Enfin, il est essentiel d'avoir un titre phare qui donne de la résonance à tout l'album. Je fais référence à « Smell Like Teens Spirit » de l'album Nevermind, je pense aussi à « Stairway To Heaven » de Led Zeppelin sur Led Zeppelin IV. Et bien c'est peut être ici que le bâts blesse. Car si le premier single « Novocaine For The Soul » est un bon titre il ne peut égaler les deux titres cités précédemment. En réalité, l'album est d'une telle qualité qu'aucune chanson ne se détache par rapport aux autres. C'est sans doute ce qui a posé problème à Eels, ne pas avoir un titre accrocheur, voir plus commercial pour se permettre d'atteindre une écoute plus large. Toutes les chansons de Beautiful Freak peuvent prétendre à être des singles. La preuve en est que deux des chansons seront utilisées dans des films et seront reconnues pour leur haut niveau, la plus connue étant « My Beloved Monster » dans Shrek. C'est sans doute la cause du succès limité de ce merveilleux opus.
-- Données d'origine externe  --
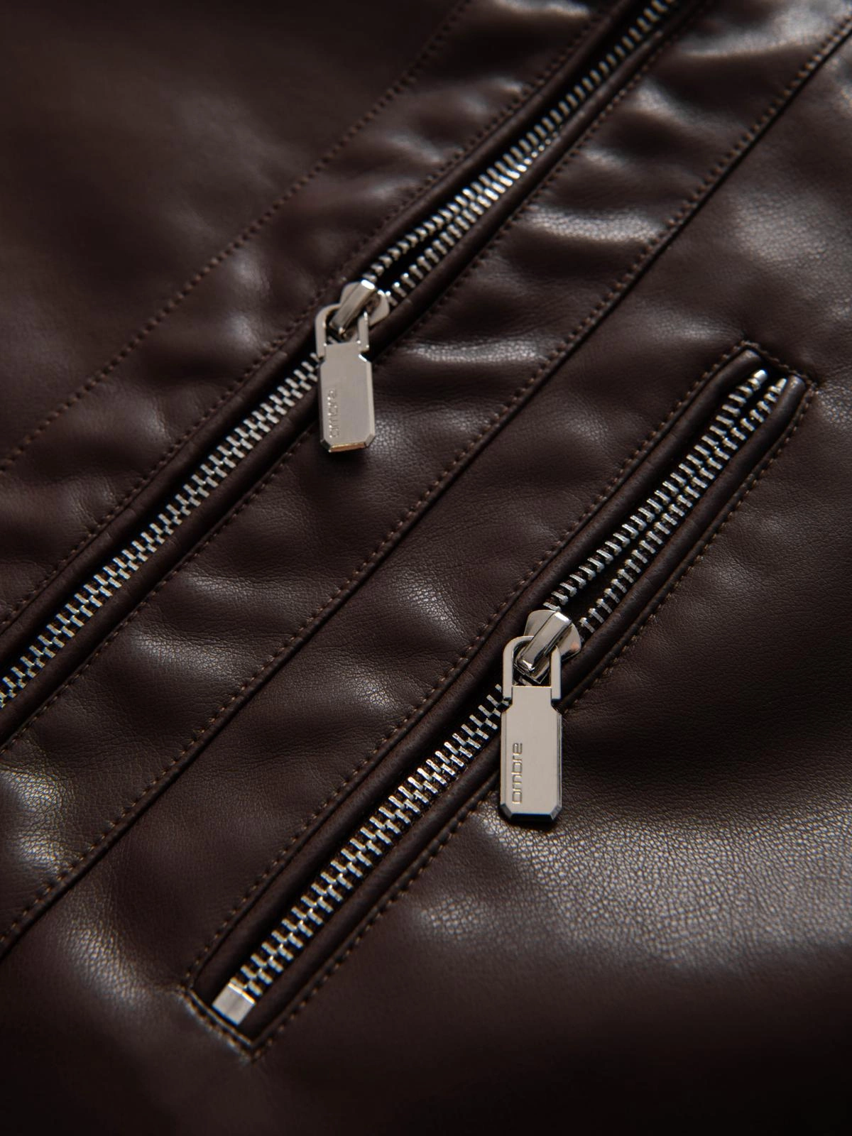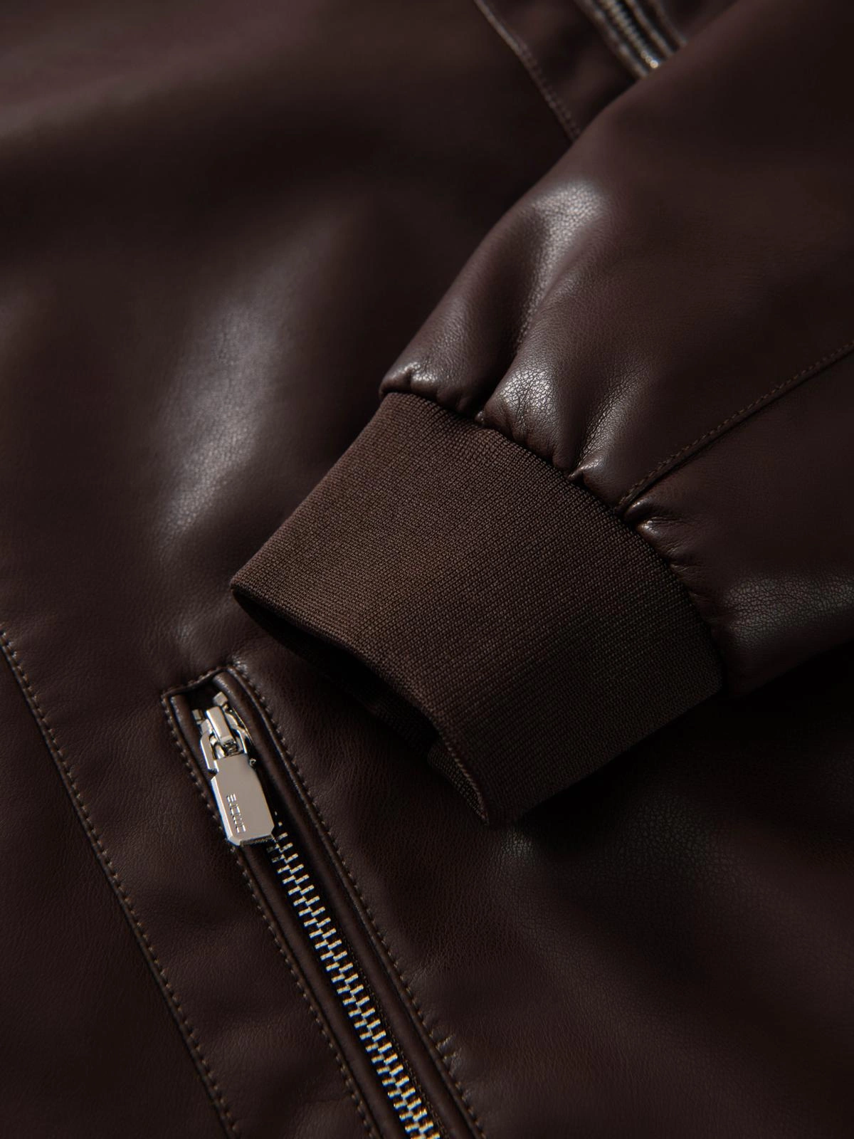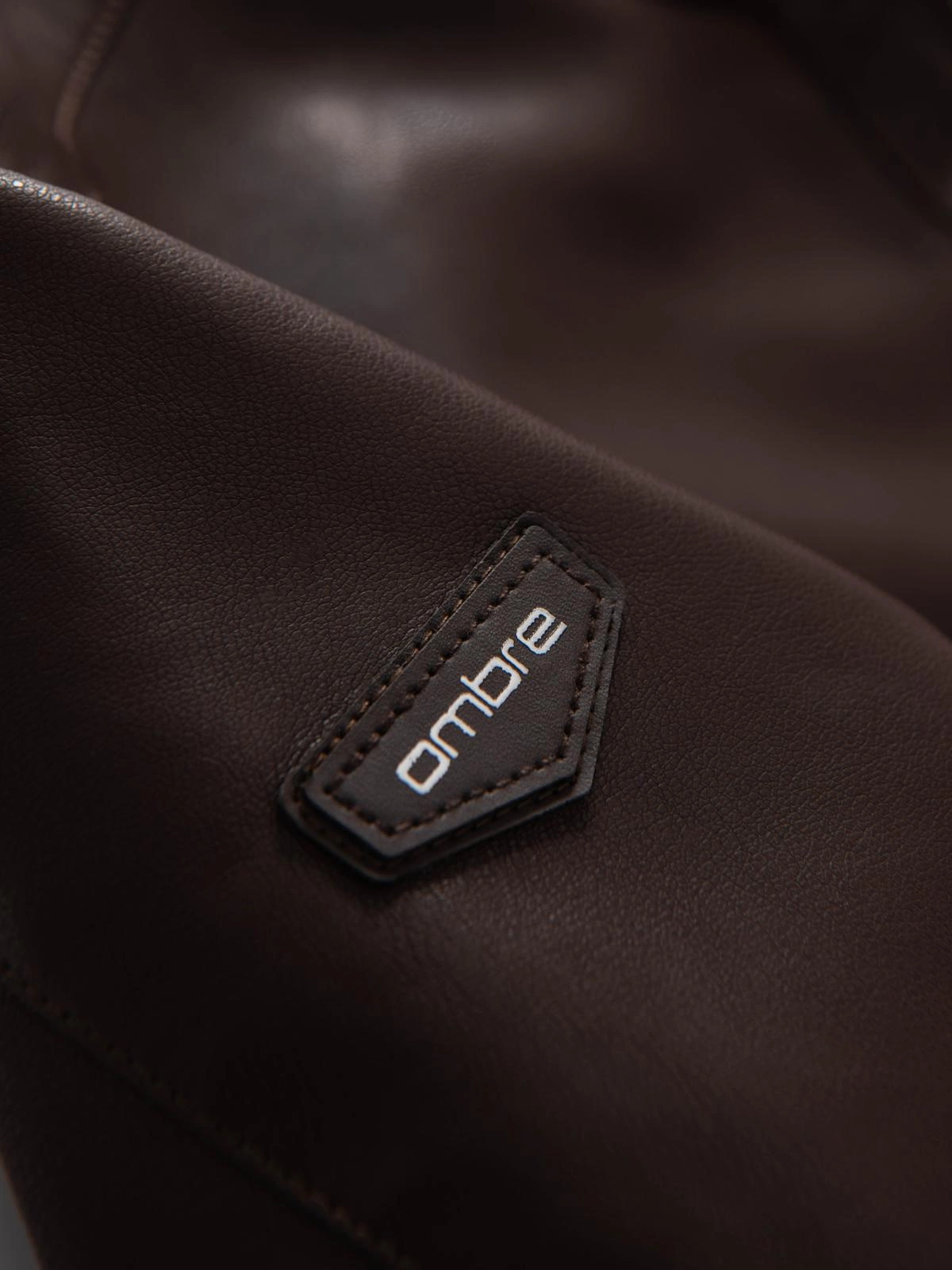 Jachetă bărbătească din imitație de piele cu tivul cu nervuri - maro închis V1 OM-JAFL-0109
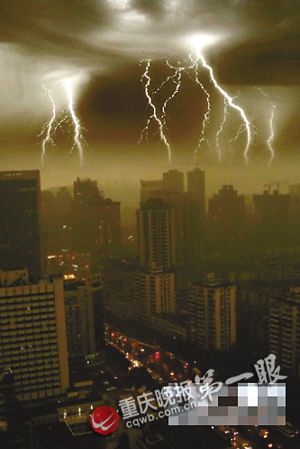 昨上午10時左右,大片的黑色云朵從北向南逼近并覆蓋主城上空,原本已放亮的天空,慢慢地變黑,短短10多分鐘,整個主城區(qū)已經(jīng)宛如黑夜,馬路上的車輛紛紛打開車燈,緩慢行駛!疤旌凇睕]多久,閃電劃破“夜空”,驚雷緊隨而至,并未經(jīng)過鋪墊,大雨如注鋪天蓋地砸向地面,突如其來的暴雨,致使主城很多地方的道路產(chǎn)生積水。
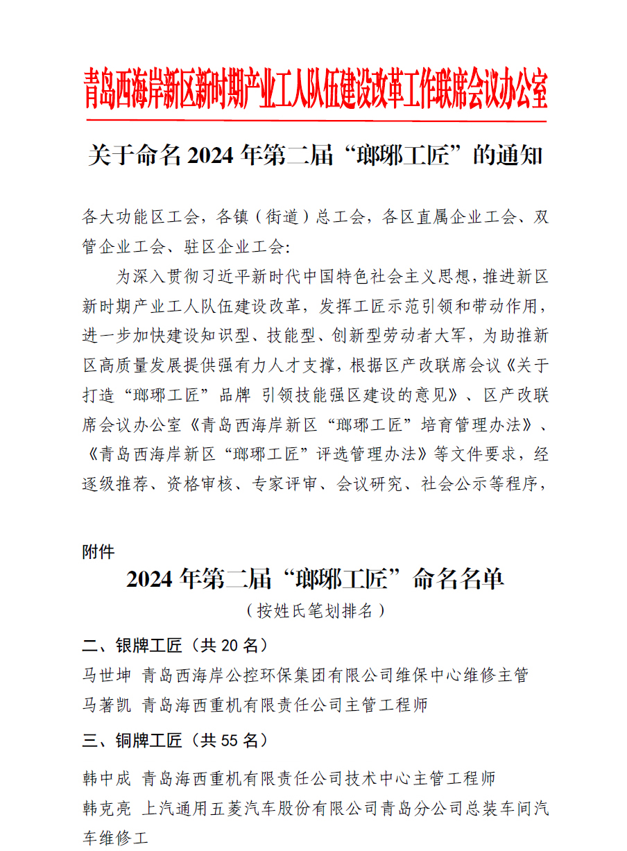 為深入貫徹習近平新時代中國特色社會主義思想,推進新區(qū)新時期產業(yè)工人隊伍建設改革,發(fā)揮工匠示范引領和帶動作用,進一步加快建設知識型、技能型、創(chuàng)新型勞動者大軍,為助推新區(qū)高質量發(fā)展提供強有力人才支撐,根據區(qū)產改聯席會議《關于打造“瑯琊工匠”品牌引領技能強區(qū)建設的意見》、區(qū)產改聯席會議辦公室《青島西海岸新區(qū)“瑯琊工匠”培育管理辦法》、《青島西海岸新區(qū)“瑯琊工匠”評選管理辦法》等文件要求,經逐級推薦、資格審核、專家評審、會議研究、社會公示等程序,最終100 名同志脫穎而出,入選新區(qū)第二屆“瑯琊工匠”。
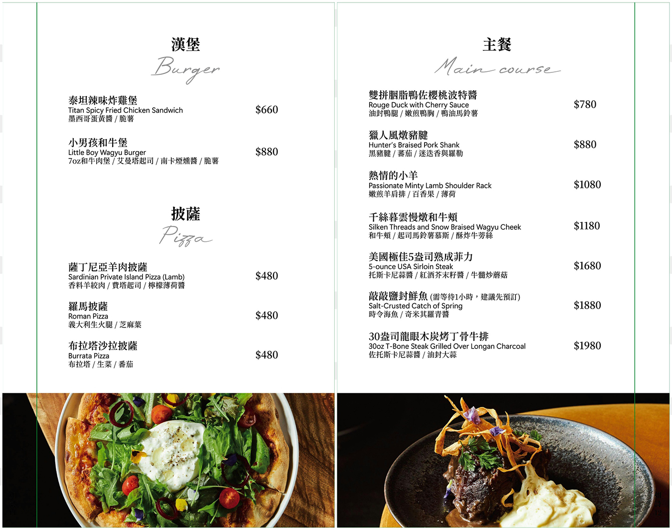 單點類則有生蠔、開胃小點、前菜、蔬菜、湯品、麵類、燉飯、漢堡、披薩、主餐、甜點
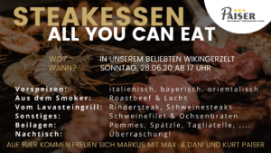 Steakessen – all you can eat – in unserem Wikingerzelt
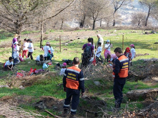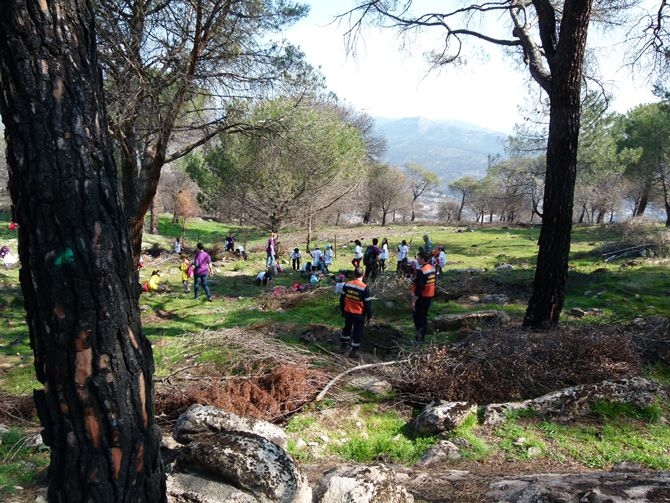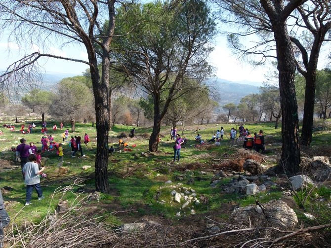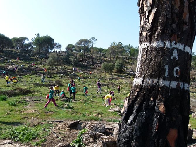 Para llegar a esta zona, los chavales ascendieron por un camino en pendiente y, de la mano de profesores y agentes forestales sembraron 750 plantones de encinas y otros tantos de pinos con las indicaciones de profesores y personal de medio ambiente.
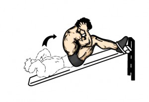 เป็นท่าซิทอัพอีกรูปแบบหนึ่ง ซึ่งนั่งทำบนอุปกรณ์คล้ายม้านั่งแบบไม่มีพนัก แต่มีคานสำหรับให้เท้าทั้งสองข้างไว้เกี่ยวยึดเวลานอน แล้วซิทอัพแบบห้อยหัวลงไป
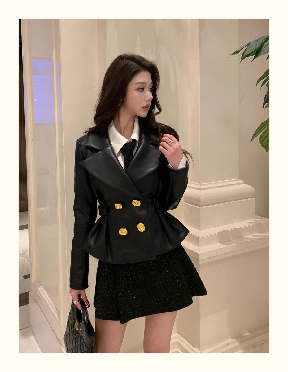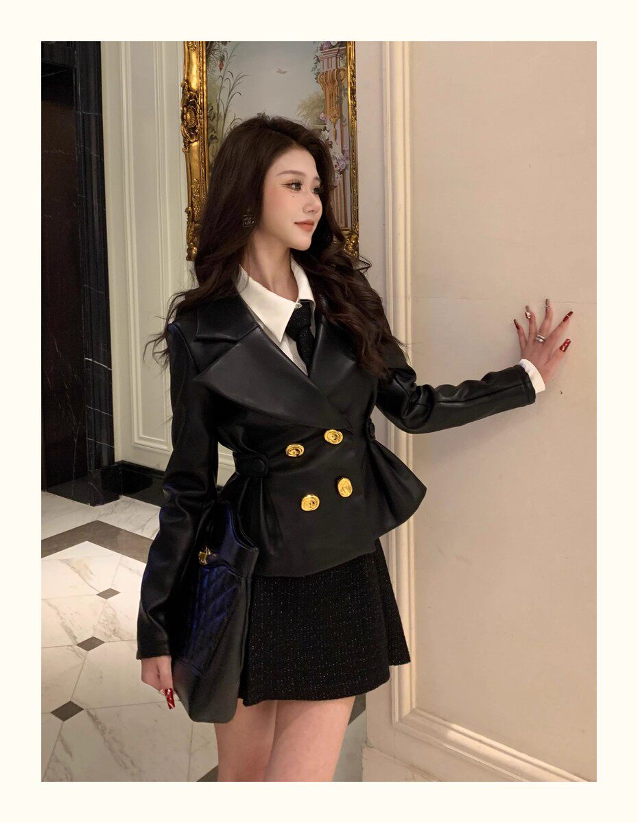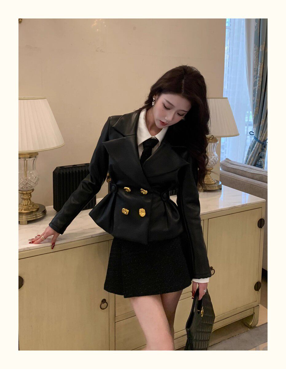 Hollinna Stylish Black Leather Jacket for Women, Autumn/Winter 2025 New Style, Waist-Cinching, Slimming, Versatile, High-End Biker Jacket
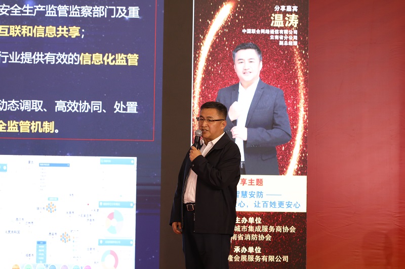 中国联通云南省分公司副总经理温涛做“5G+智慧安防—让政府更放心,让百姓更安心”主题分享。
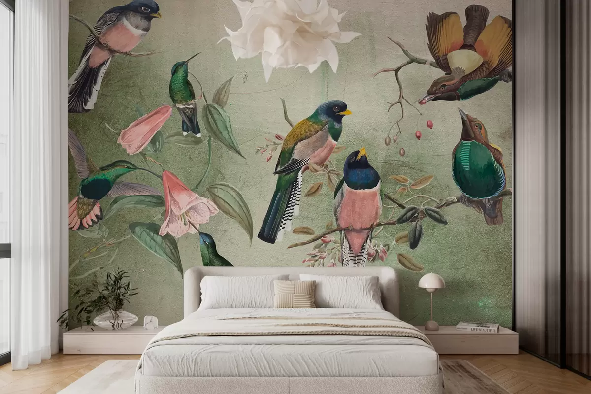 Fotobehang Een groep kleurrijke vogels zat op takken op de gestructureerde achtergrond N° w00543
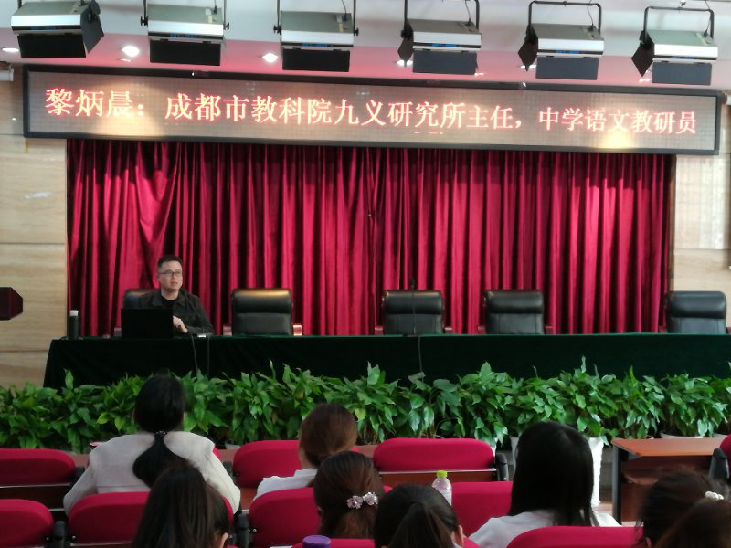 17日上午,青羊区特级教师钟亮老师作了《教师人文素养修炼专题之在读写中教育修行》的专题讲座,钟老师从哲学到社科,从佛学经典到人文读物,给我们推荐了大量的优秀书目。下午,成都市教科院九义研究所主任黎炳晨老师给我们带来了《走一步,再走一步——初中语文教学的虚与实》的讲座,黎老师的讲座内容充实,直切要害,指出的每一条语文教学弊端都直击现在语文教学中的易犯错误。他的语言通俗易懂,逻辑清晰,思路明确,并且给出了可操作性的解决方案。浓缩度非常高,这些干货值得我一再思考一再咀嚼。
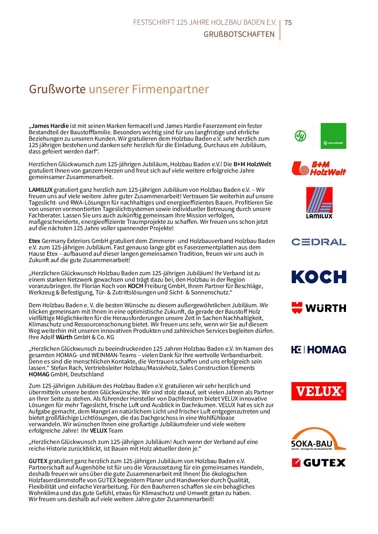 Herzlichen Glückwunsch zu beeindruckenden 125 Jahren Holzbau Baden e.V. Im Namen des gesamten HOMAG- und WEINMAN-Teams – vielen Dank für Ihre wertvolle Verbandsarbeit. Denn es sind die menschlichen Kontakte, die Vertrauen schaffen und uns erfolgreich sein lassen.

Après autopsie, c'est à mon grand désarrois que la question - Pourquoi Eels n'a pas explosé avec cet album? - a pour réponse - Car la qualité de celui-ci l'a empêché de trouver son public en radio – J'entends déjà dire que c'est parce qu'aucun des titre n'est un titre de qualité majeure que cet album n'a pas déplacé les foules. Je répondrais seulement que tous les titres sont d'une qualité majeure. D'ailleurs ça serait exagéré que de dire que cet album est passé au travers de son succès, il a tout de même été disque de platine à sa sortie en France. Il n'a simplement pas su durer dans le temps. Et malgré cette ébauche de réponse, je ne comprendrais sans doute jamais pourquoi la voix cassée et pourtant si chaude de Mr.E n’envoûte pas la planète comme elle m’envoûte depuis des années.